Médecins Sans Frontières (MSF), a medical organization, has provided help to the hospital, describing it as the sole remaining facility in el-Fasher where wounded civilians may get care. There have been rumors of shell strikes injuring and killing people at the city's South Hospital for a few days.


Witnesses report that fighters from the paramilitary Rapid Support Forces (RSF) have already made their way into the complex, however. They approached the hospital on Saturday and started shooting, robbing it of medications and medical supplies, taking an ambulance, and attacking the personnel.


"Our team was unable to verify if there were any dead or wounded due to the chaos," Maximilien Kowalski, the temporary chief of mission in Sudan for the medical organization, told BBC Newsday.


Days previously, hospital doctors had informed the BBC that they intended to move the facility due to security concerns. In ten days, it had been struck three times by bullets and mortar rounds. Thankfully, there were only 10 patients and a smaller medical staff present at the institution on Saturday when it was assaulted, according to MSF. The head of the medical organization in Sudan told the BBC that since the hospital is so near to the war lines, it will stay closed for the time being. According to Mr. Kowalski, wounded people will be left without a place to stay for at least a week as MSF is forced to relocate its el-Fasher operations to the neighboring crumbling Saudi Hospital due to a lack of fuel, power, and water supplies.


The incident on Saturday is another evidence that the Sudanese civil war is devoid of norms.

According to Michel Lacharite, Head of Emergencies at MSF, "opening fire inside a hospital crosses a line." He declares that "the responsibility lies with warring parties to spare medical facilities" and labels the assault as "outrageous". Allegations of extensive abuse have also been made against the Sudanese national army, which has been engaged in combat with the RSF for the last year.

However, in this instance, the RSF forced the closure of a hospital that provided care to civilians. Since the hospital served as the primary referral center for the treatment of war injured, the closure of its operations is a huge blow to the residents of El-Fasher.

More than 1,300 wounded persons sought treatment there in the last month alone, according to the MSF, which describes it as "the only one equipped to manage mass casualties and one of two hospitals with surgical capacity."


Throughout the whole Darfur area, El-Fasher is the only city that is still governed by the army.

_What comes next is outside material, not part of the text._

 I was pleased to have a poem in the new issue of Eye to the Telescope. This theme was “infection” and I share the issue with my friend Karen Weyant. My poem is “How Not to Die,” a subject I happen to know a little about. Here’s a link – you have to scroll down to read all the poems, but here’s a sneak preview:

Officials from the United Arab Emirates dispute reports that their paramilitary RSF group in Sudan is receiving support from the UAE. Since the battle began in April 2023, there have been an estimated 15,000 deaths nationwide, and almost nine million people have been forced to escape their homes—more than in any previous conflict in history. The RSF has been accused of committing many atrocities against residents in Gezira state, which is south of Khartoum, after taking control of the area in December. The RSF disputes these accusations.


In the Gezira state hamlet of Wad al-Nourah, at least 150 people—35 of them children—were slaughtered by alleged RSF soldiers last week. Rights organizations claim that the RSF is waging an ethnic cleansing operation in Darfur that targets darker-skinned Masalit people as well as other non-Arab tribes, using rape as a weapon of war. The conflict started when the two generals in charge of the army and RSF, respectively, fell out, and several rounds of peace negotiations have failed to bring an end to it. According to UN agencies, the violence has caused the worst displacement disaster in history, and as a consequence, millions of people are suffering starvation.